MILWAUKEE (AP) -- Milwaukee prosecutors weighing criminal charges for an inmate's dehydration death said Tuesday that the jail's commander failed to inform police about the existence of surveillance video showing a guard shutting off water to the cell and never turning it back on.
The assertion came during the second day of a weeklong inquest by the Milwaukee County District Attorney's Office to determine whether jail staff should be charged in the April 24, 2016, death of 38-year-old Terrill Thomas. He was alone in his cell for seven days without water, prosecutors say, before dying of what the medical examiner termed "profound dehydration."
A current and a former jail captain both testified Tuesday that the video showed a guard turning off water to the cell on April 17, shortly before Thomas was transferred there after he stuffed a mattress in a toilet to flood the cell he was previously in.
Capt.
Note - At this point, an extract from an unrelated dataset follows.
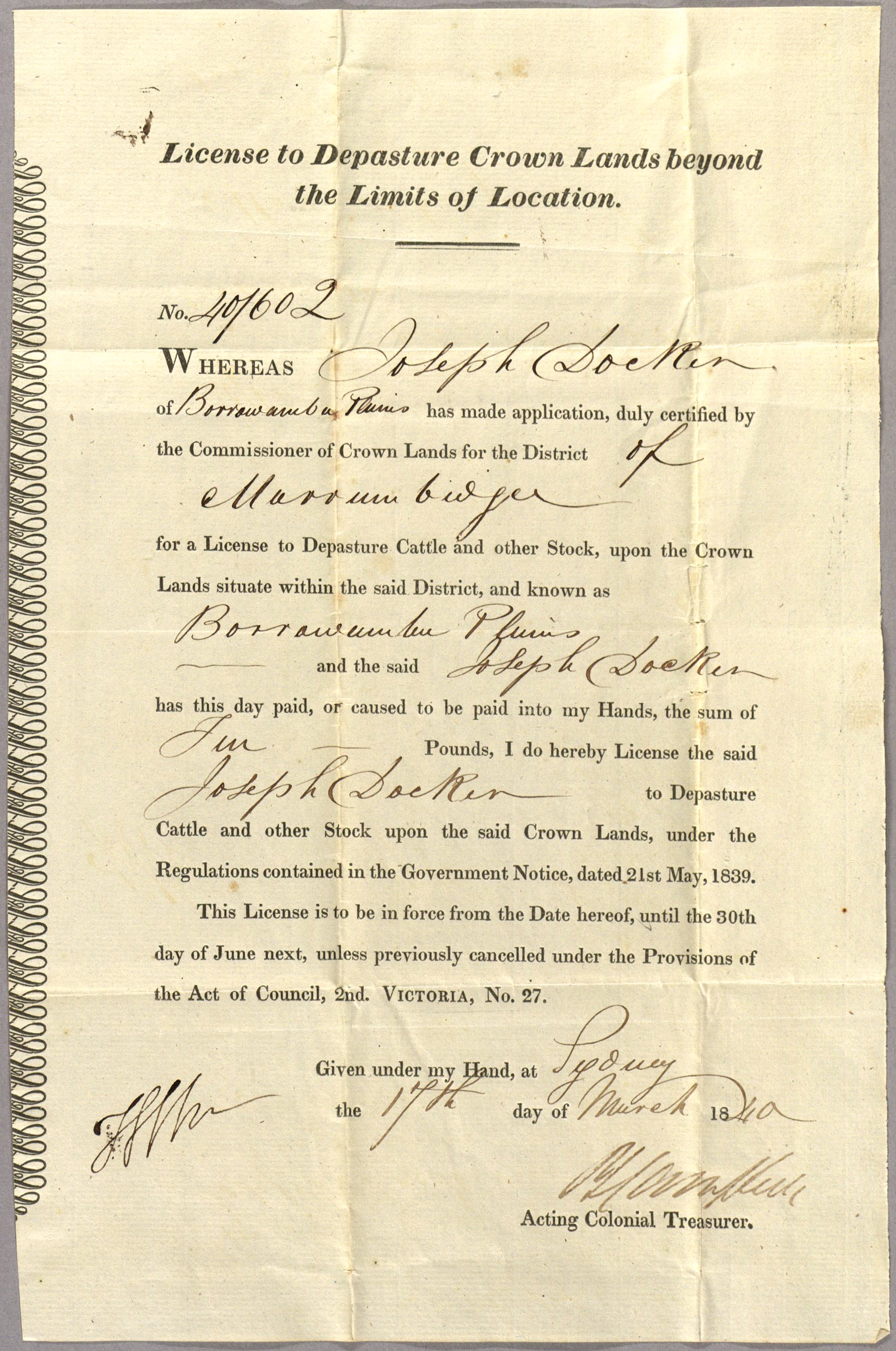 Licence to depasture on Crown Lands beyond the limits of location, etc., 1840

George Gold testified that his jail commander, Nancy Lee Evans, directed him to review the video the day after Thomas died and report to her what he saw. Gold said after the guard turned off the water he didn't see anyone turn it back on.
"They lock him up and then they never let him out until they take him out dead, correct?" Assistant District Attorney Kurt Bentley asked Gold, who agreed.
Thomas' family has said he was having a mental breakdown when police arrested him April 14, 2016, for shooting a man in front of his parents' house and later firing a gun inside a casino.
Gold said Evans "was very surprised" to hear what the video showed. But when Evans took the stand later Tuesday she denied Gold ever told her about the water being shut off and said it was several months before she became aware that dehydration was the cause of Thomas' death. She denied withholding evidence, but Bentley said Evans failed to direct staff to preserve the entire video and did not mention it to police until almost a year later.
"Why were you withholding this crucial evidence from the Milwaukee Police Department?" Bentley asked.
"I was not, sir," she said.
Police detectives asked her in a questionnaire they sent her last summer if there was any documentation showing whether the water was turned off the whole time or if it was turned on intermittently. The document Evans signed off on answered that "there is no documentation indicating this." However, prosecutors say Evans was aware of the tape and what it showed by then.
Bentley said Evans lied to police detectives last month when she told them it wasn't until months later that she asked Gold to review the surveillance video to check for the water being shut off. Footage is routinely erased after a certain time and by then only the latter half of the video was available.
But Bentley said Evans changed her story and said she directed the review of the video within days after she learned a forensics unit was going to examine the computer server.
The first part of the video has not been recovered.
A jury hearing the evidence will recommend whether prosecutors should file charges, but the decision will be up to the District Attorney's Office.